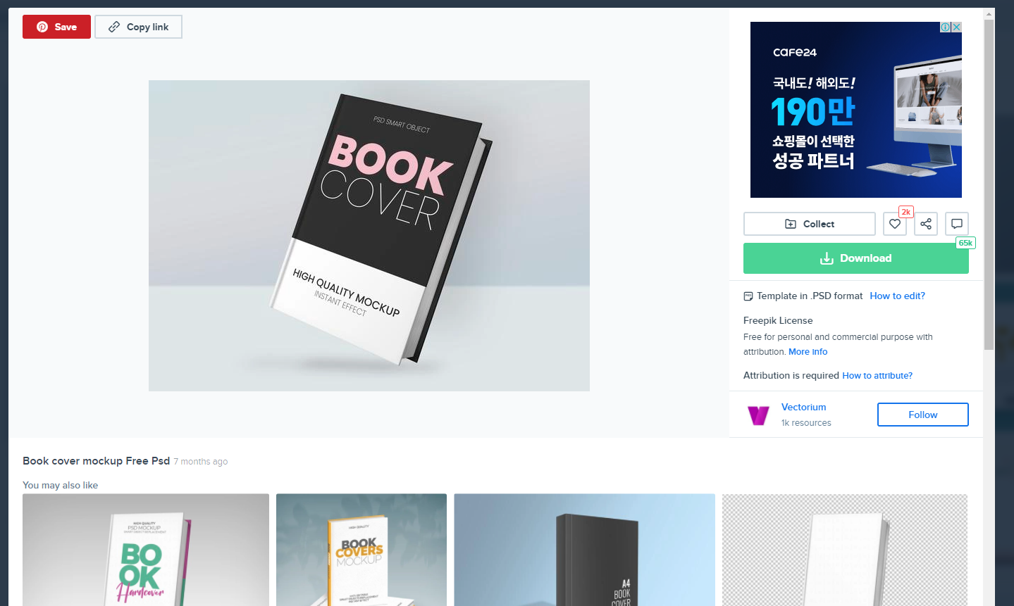 저는 Vectorium이라는 작가분의 북커버 목업 파일을 선택했어요.
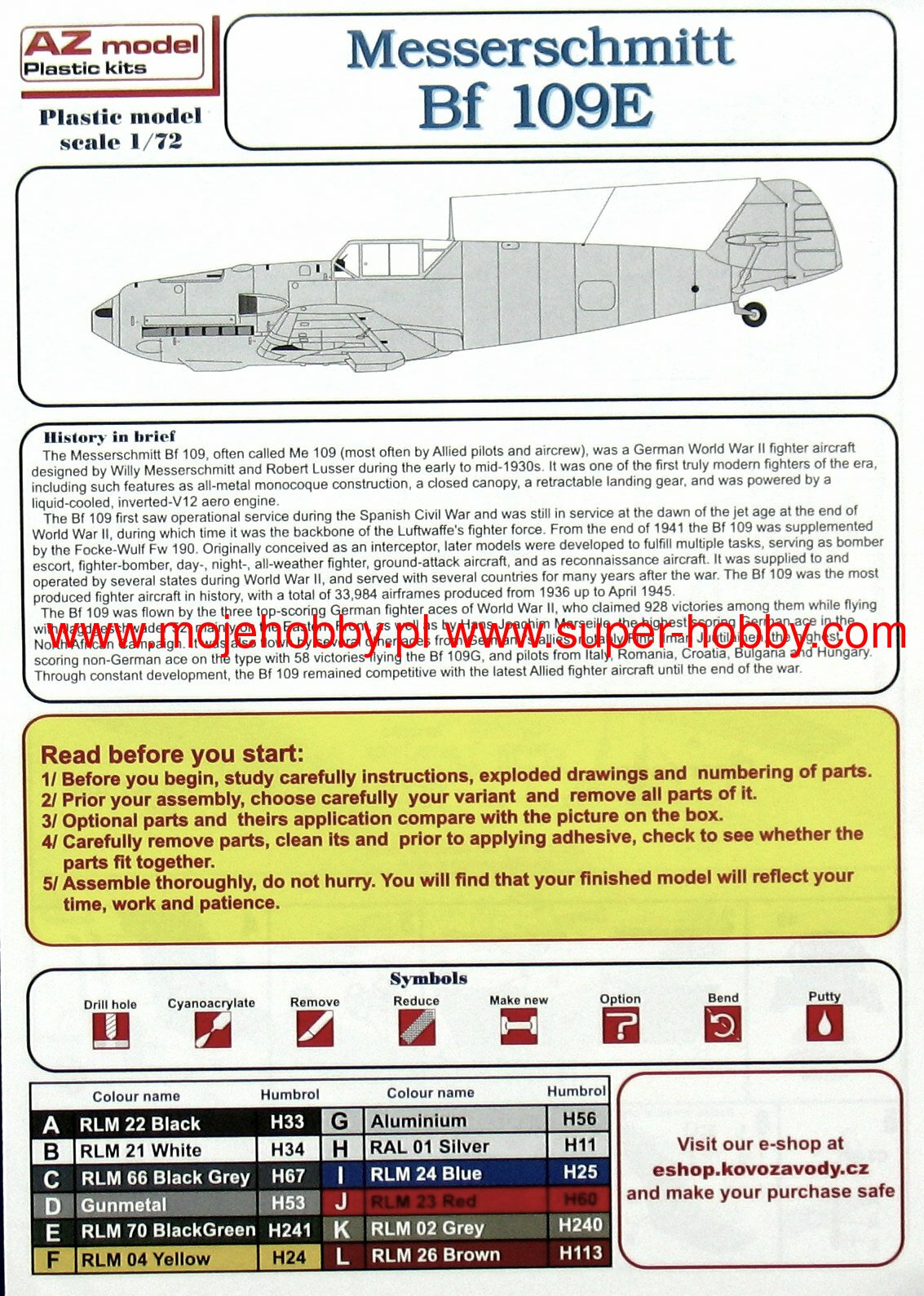 The Messerschmitt Bf-109 is a German metal-structure single-engine fighter in a low wing configuration with a classic tail. It turned out to be the basic and most produced Luftwaffe fighter during World War II. The flight of the prototype took place on May 29, 1935, and serial production continued in the years 1936-1945. In total, it is estimated that a total of about 35,000 Messerschmitt Bf-109 fighters of all varieties were produced, many of which ended up in the Czech and Israeli air forces after the war. The roots of the Bf-109 go back to the competition announced in 1933 by the Luftwaffe for a new fighter plane. In competition with the He-112, the Bf-109 project initially lost, but thanks to Willie Messerschmitt's intrigues, the project could continue and eventually he was the winner of the competition, becoming the Luftwaffe's primary fighter. Several main variants of the Bf-109 were developed in the course of production. The first pre-production series was the Bf-109B (Berta) with different versions of the Junkers Jumo 210 (A or Da) engine. They were tested in Spain from 1937 during the Civil War. The next version is the Bf-109C (Caesar). They had a different engine than the B version, and extensive armament consisting of two 20mm and 2 HP 7.92mm cannons. These machines also fought in the skies of Spain. The third version is the Bf-109D (Dora) with the Junkers Jumo 210 Da or Daimler-Benz DB 600 engine. It fought in the September campaign, but at the turn of 1939/1940 it was replaced by the E version. The most famous model was the Bf-109E (Emil) with a Daimler-Benz 601A or N engine. It was the first to use a three-blade, not a two-blade propeller. Bf-109E fought in the French campaign, over England, and in North Africa and on the Eastern Front. The ace who started his career on the Bf-109E was the famous Adolf Galland. The next version is the Bf-109F (Friedrich), which, according to the German pilots, was the most aerodynamically perfect. It sowed the changed shape of the fuselage, wings, cabin fairings, but no new engine was used. It was put into service at the turn of 1940/1941. As part of the development of the design, further Bf-109 specifications were developed, of which the G (Gustav) version was produced in the largest number of copies. The most important change increasing the machine's performance was the installation of a new 12-cylinder Daimler-Benz DB605A engine with 1475HP. The armament of the Bf-109G was a pair of 13mm machine guns located in the fuselage in front of the cockpit fairing, and the MG151 20mm or heavier MK108 30mm cannon. The last mass-produced version was the Bf-109K (Kurfirst), which production started in October 1944. A Daimler-Benz DB 605DB or DC unit was used as the engine. The Bf-109K was the fastest version produced during World War II, reaching up to 730 km / h. Apart from that, two versions were created - H and Z, but they were rather experimental versions and their mass production did not start. Subsequent improvements in propulsion and armament made the Messerschmitt Bf-109 one of the most dangerous fighters of World War II, and at the same time showed the great potential of the slightly angular airframe created by Willi Messerschmitt. Technical data (version Bf-109 G-6): length: 8.95 m, wingspan: 9.92 m, height: 2.6 m, maximum speed: 640 km / h, rate of climb: 17 m / s, maximum range: 850 km, maximum ceiling 12000m, armament: fixed - 2 MG131 13mm machine guns and 1 MG151 20mm cannon, suspended - 250 kg bombs, or 2 Wfr missile launchers. Gr. 21.
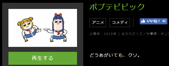 なので、今回に限っては「ポプテピピック」を見終わった後のことを考えつつ利用した方がイイですよ。

=== Task requirements ===
Please provide a faithful transcription of all the data, pictures excluded.

=== Output for this exercise ===
 저는 Vectorium이라는 작가분의 북커버 목업 파일을 선택했어요.
 The Messerschmitt Bf-109 is a German metal-structure single-engine fighter in a low wing configuration with a classic tail. It turned out to be the basic and most produced Luftwaffe fighter during World War II. The flight of the prototype took place on May 29, 1935, and serial production continued in the years 1936-1945. In total, it is estimated that a total of about 35,000 Messerschmitt Bf-109 fighters of all varieties were produced, many of which ended up in the Czech and Israeli air forces after the war. The roots of the Bf-109 go back to the competition announced in 1933 by the Luftwaffe for a new fighter plane. In competition with the He-112, the Bf-109 project initially lost, but thanks to Willie Messerschmitt's intrigues, the project could continue and eventually he was the winner of the competition, becoming the Luftwaffe's primary fighter. Several main variants of the Bf-109 were developed in the course of production. The first pre-production series was the Bf-109B (Berta) with different versions of the Junkers Jumo 210 (A or Da) engine. They were tested in Spain from 1937 during the Civil War. The next version is the Bf-109C (Caesar). They had a different engine than the B version, and extensive armament consisting of two 20mm and 2 HP 7.92mm cannons. These machines also fought in the skies of Spain. The third version is the Bf-109D (Dora) with the Junkers Jumo 210 Da or Daimler-Benz DB 600 engine. It fought in the September campaign, but at the turn of 1939/1940 it was replaced by the E version. The most famous model was the Bf-109E (Emil) with a Daimler-Benz 601A or N engine. It was the first to use a three-blade, not a two-blade propeller. Bf-109E fought in the French campaign, over England, and in North Africa and on the Eastern Front. The ace who started his career on the Bf-109E was the famous Adolf Galland. The next version is the Bf-109F (Friedrich), which, according to the German pilots, was the most aerodynamically perfect. It sowed the changed shape of the fuselage, wings, cabin fairings, but no new engine was used. It was put into service at the turn of 1940/1941. As part of the development of the design, further Bf-109 specifications were developed, of which the G (Gustav) version was produced in the largest number of copies. The most important change increasing the machine's performance was the installation of a new 12-cylinder Daimler-Benz DB605A engine with 1475HP. The armament of the Bf-109G was a pair of 13mm machine guns located in the fuselage in front of the cockpit fairing, and the MG151 20mm or heavier MK108 30mm cannon. The last mass-produced version was the Bf-109K (Kurfirst), which production started in October 1944. A Daimler-Benz DB 605DB or DC unit was used as the engine. The Bf-109K was the fastest version produced during World War II, reaching up to 730 km / h. Apart from that, two versions were created - H and Z, but they were rather experimental versions and their mass production did not start. Subsequent improvements in propulsion and armament made the Messerschmitt Bf-109 one of the most dangerous fighters of World War II, and at the same time showed the great potential of the slightly angular airframe created by Willi Messerschmitt. Technical data (version Bf-109 G-6): length: 8.95 m, wingspan: 9.92 m, height: 2.6 m, maximum speed: 640 km / h, rate of climb: 17 m / s, maximum range: 850 km, maximum ceiling 12000m, armament: fixed - 2 MG131 13mm machine guns and 1 MG151 20mm cannon, suspended - 250 kg bombs, or 2 Wfr missile launchers. Gr. 21.
 なので、今回に限っては「ポプテピピック」を見終わった後のことを考えつつ利用した方がイイですよ。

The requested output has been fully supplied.